At first, I just had a cut and giant nose.  Little did I know, I would get even prettier -_- 


A few days later, I developed this awesome bruising.  Pretty, right?! 


Thankfully, the bruising is finally starting to go away, as are the headaches.  My nose is still pretty tender as well as my teeth, but other than that, things seems to be healing quite nicely.  I'm just incredibly thankful that my nose wasn't broken, although seeing her go to jail on an assault charge would have been nice.  

Since then, I've been trying to get my medications for cycle 2 ordered, which has proven to be no easy task.  Though I can't say I'm surprised as cycle 1 was incredibly difficult.  Things seem to be moving in the right direction though, so I'm sure it will all work out!

Other than that, S and I spent our day completely snowed in.  Hailey is loving it, though I can't say the same for her poor paws.  I think I just might get her some doggy shoes this year :)



So there you have it.

Not pregnant.
Get punched.
Get snowed in.

Boy, oh boy, is it December yet?  I sure am ready to spend some much needed time in Minnesota with my family!

Wednesday, November 12, 2014

Cycle 1 results?

The last two weeks, or two week wait as it's commonly referred to, have been a complete roller coaster.  This cycle of trying was so very different than previous ones.  I was in a better mind set.  I was hopeful.  I was encouraged.  Overall, I just felt good.  That was a feeling I hadn't had in awhile, so it was very welcomed.
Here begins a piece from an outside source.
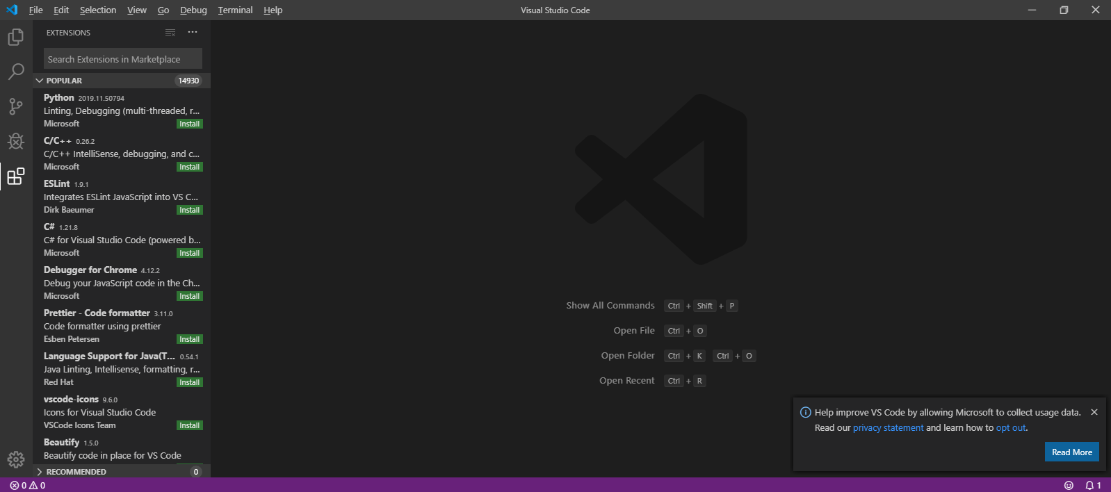 확장플러그인을 클릭 시 EXTENSIONS라는 확장 메뉴가 생성되며 인기순으로 막 보여줍니다.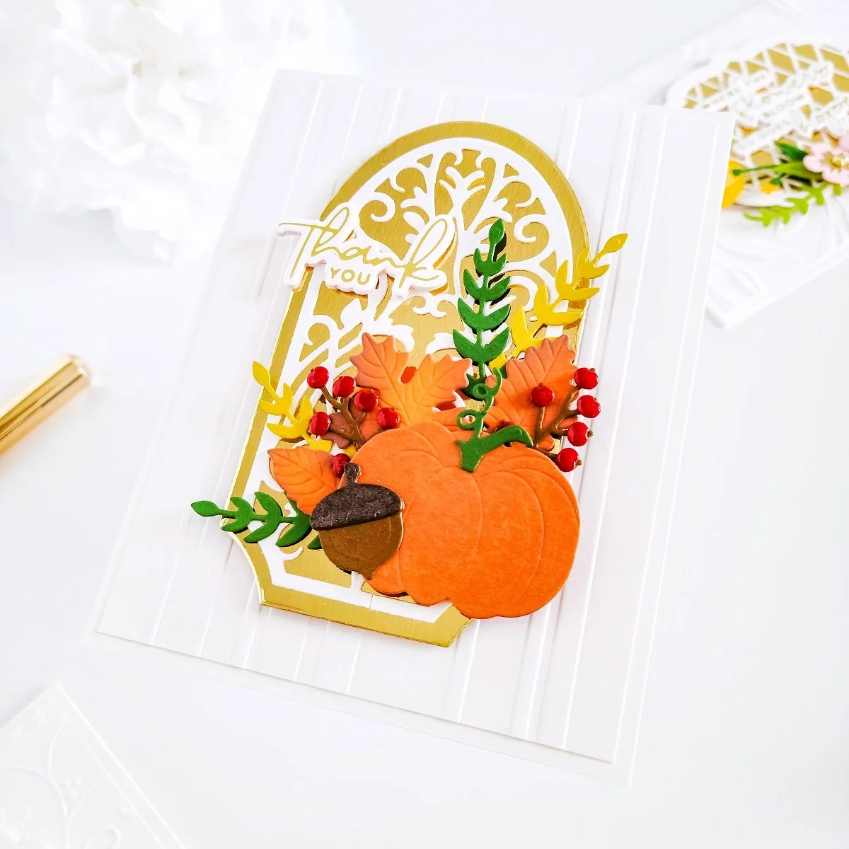 As, I moved forward with the Seasons, I proceeded to create a Fall looking card for the third example using the dies including in Fall Label Motifs Etched Dies. That being said, I also used Fall hues for each die-cutting piece.

Today, that roller coaster came crashing down.

First cycle=failure.

The thing is, I expected it.  I knew.  But it still hurts.  My heart still feels like it's been smashed into a million pieces.  I feel that undercurrent of hopelessness and defeatedness (not a word, I know) creeping in.  I already feel the months slipping away.  I feel a looming future that is not in our favor.  I feel the disappointment greater than ever.

I know it's only month 1.  I know it takes time.  I know it can still happen.  I know it all.  Unfortunately, my heart isn't getting that message.

What makes it even worse is when the nurse who calls to deliver the devastation says, "If it hasn't happened on its own, it probably won't."  Meaning... fork over the money, and quickly.  Meaning, you're just delaying the inevitable.  Meaning, you're wasting months of trying when it won't happen anyways.

And that, my friends, is when the tears really started flowing.  I imagined myself being ok with this.  Ok with knowing that this is all in God's timing.  Ok with knowing that at month one, even under the greatest of circumstances, it often doesn't happen right away.

But still.

I let that teeny, tiny part of me, the smallest part that you could ever imagine, believe that this might work.  It.Just.Might.Work.  And yet it didn't.  It just didn't.

Today though, despite my million piece shattered heart, and greater than I imagined disappointment, I'm choosing to be thankful and joyful.  I'm choosing to rest in the fact that despite everything that is working against us, God does have a plan.  I'm choosing to believe that at some point in time, I will be here announcing the greatest blessing that I will have ever been given.

We'll see.

Right this second though?  I'm going to curl up with my sweet Hailey girl and let the tears fall until there are no more.